Introducing the Mirror’s Partner in NKR: Artsakh Public TV Company


By Haykaram Nahapetyan

Mirror-Spectator Video Correspondent

STEPANAKERT – Back in 1988 one of the first gains of the Nagorno Karabakh people’s movement against Soviet Azerbaijan’s repressive rule was the establishment of Nagorno Karabakh’s TV channel. Soviet Azerbaijan did not allow autonomous Armenian Karabakh, which had been placed under Azeri rule by Bolshevik dictator Stalin’s decision of 1923, to have its own TV during many decades of Soviet era. NKAO Armenians had to watch Azerbaijani TV’s programs instead.

In the summer of 1988, the freedom-loving people of Artsakh founded their own TV channel. Today Artsakh’s Public TV company (the station got her new official name in 2003, after the law on TV was adopted) continues to function in Stepanakert as a voice of the independent Nagorno Karabakh Republic.
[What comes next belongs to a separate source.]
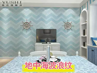 Self-adhesive wallpaper stripe living room bedroom Mediterranean College student dormitory table cabinet refurbished decoration waterproof wall stickers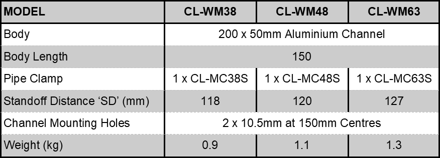 The wall mounts are designed for mounting vertical tubes or pipes to a vertical wall. The wall mount is available with mounting clamps to suit 38, 48 or 63mm OD tubes. These mounts can be used for either vertical or horizontal supports.

The author visited his Artsakhtsi colleagues during the most recent trip to Stepanakert.

“We have received new equipment this year,” Samvel Balayan, the director of the news programs said while he was touring us around Artsakh TV. “The Hayastan All Armenia fund assisted us in arranging the shipping of the HD quality cameras last February,” he continued.

Despite some technical advances, the TV station has a way to go. The same studio serves as a venue for almost all TV programs and shows. Apart from news programs our colleagues routinely prepare programs for children called “Moush-moushik,” educational-cognitive shows (“After Working Hours,” “We”) and many others. “Shushi” is a special project dedicated to Artsakh’s spiritual and historic capital: town of Shushi. “” is for young mothers; “Family” for Artsakhsi families.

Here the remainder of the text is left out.